The county, one of the fastest growing in the nation by percentage of population, doesn’t have money to spare as its struggles to maintain 1,200 miles of roads battered by unrelenting truck traffic, he added. “We can’t keep up with maintaining our roads, they just fall apart,” Gorder said. “We’ve spent $30 million in the last five years on road projects. It seems like we’re always behind.” [Emphasis added]
In Remote Field, North Dakota Suffers First Big Oil Spill by Selam Gebrekidan, October 10, 2013, Reuters
A Tesoro Logistics LP pipeline has spilled more than 20,000 barrels of crude oil into a rural North Dakota field, the biggest leak in the state since it became a major U.S. producer. The pipeline was carrying crude oil from the Bakken shale play, which has boosted North Dakota’s state production to the second-biggest in the country.
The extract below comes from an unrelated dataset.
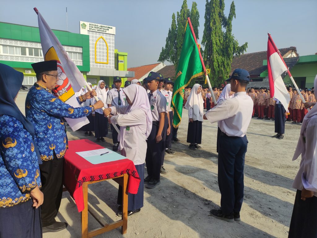 Sidoarjo, (MTsN 3) – MTs Negeri 3 Sidoarjo melaksanakan Upacara Serah Terima Jabatan Pengurus OSIS periode 2023/2024 ke periode 2024/2025. Pelantikan pengurus OSIS ini dibuka langsung oleh kepala madrasah, Drs. Jumakir, M.M. dan dihadiri oleh Pendidik dan Tenaga Kependidikan serta Peserta Didik MTs Negeri 3 Sidoarjo. Kamis (17/10/2024).
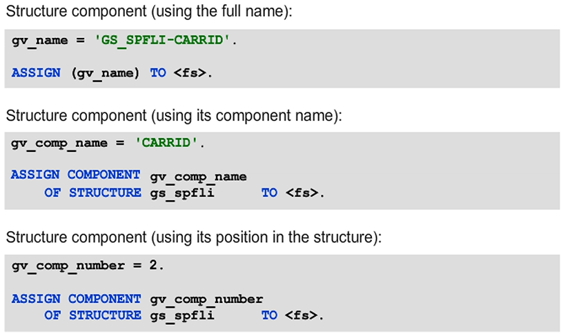 A special variant of the ASSIGN statement provides access to structure components dynamically. You specify the structure statically or through a separate field symbol in the ASSIGN COMPONENT ... OF STRUCTURE ... statement. Address the components either by name or by position (number) within the structure.

The affected part of the line has been shut down, Tesoro said. … This is the biggest oil spill in North Dakota since 1 million barrels of salt water brine, a by-product of oil production, leaked from a well site in 2006, according to the state Department of Health. Another pipeline leak in 1989 also released large volumes of oil to the environment. Tesoro said the U.S. Environmental Protection Agency and the Pipeline and Hazardous Materials Safety Administration (PHMSA) were at the site monitoring its response. The regional EPA office could not be reached because of the government shutdown. [Emphasis added]
ND Pipeline Breaks, Spews 20,600 Barrels of Oil by James MacPherson, Associated Press, October 10, 2013
More than 20,000 barrels of crude oil have spewed out of a Tesoro Corp. oil pipeline in a wheat field in northwestern North Dakota, the state Health Department said Thursday. State environmental geologist Kris Roberts said the 20,600-barrel spill, among the largest recorded in the state, was discovered on Sept. 29 by a farmer harvesting wheat about nine miles north of Tioga. “The farmer was harvesting his wheat and started smelling oil,” Roberts said. “It went from there.” The release of oil has been stopped, the spill contained and no water sources have been contaminated, Roberts said. The spill is spread out over 7.3 acres, or about the size of seven football fields, Roberts said, noting an oil pipeline breach in the late 1980s in the northeast corner of the state was larger. Tesoro Logistics, a subsidiary of the San Antonio, Texas-based company that owns and operates parts of Tesoro’s oil infrastructure, said in a statement that the affected portion of the pipeline has been shut down. “There have been no injuries or known impacts to water, wildlife or the surrounding environment as a result of this incident,” the statement read. … The hole in the pipeline was a quarter-inch in diameter, said Eric Haugstad, Tesoro’s director of contingency planning and emergency response. Tesoro officials were investigating what caused the hole in the 20-year-old, 6-inch-diameter steel underground pipeline line that runs about 35 miles from Tioga to a rail facility outside of Columbus, near the Canadian border. Roberts said the hole may have been caused by corrosion. Roberts said the farmer who discovered the leak had harvested most of his wheat prior to the spill. The wheat is being tested for contamination at a local grain elevator, he said. [Emphasis added]
Over 865,200 Gallons of Fracked Oil Spill in ND, Public In Dark For Days Due to Government Shutdown by Steve Horn, October 10, 2013, desmogblog.com
North Dakota Petroleum Council’s response to the largest fracked oil spill in U.S. history and one of the biggest onshore spills in U.S. history? Ho-hum. “You know, this is an industrial business and sometimes things happen and the companies are certainly responsible to take care of these things when they happen,” Petroleum Council President Ron Ness told KQCD.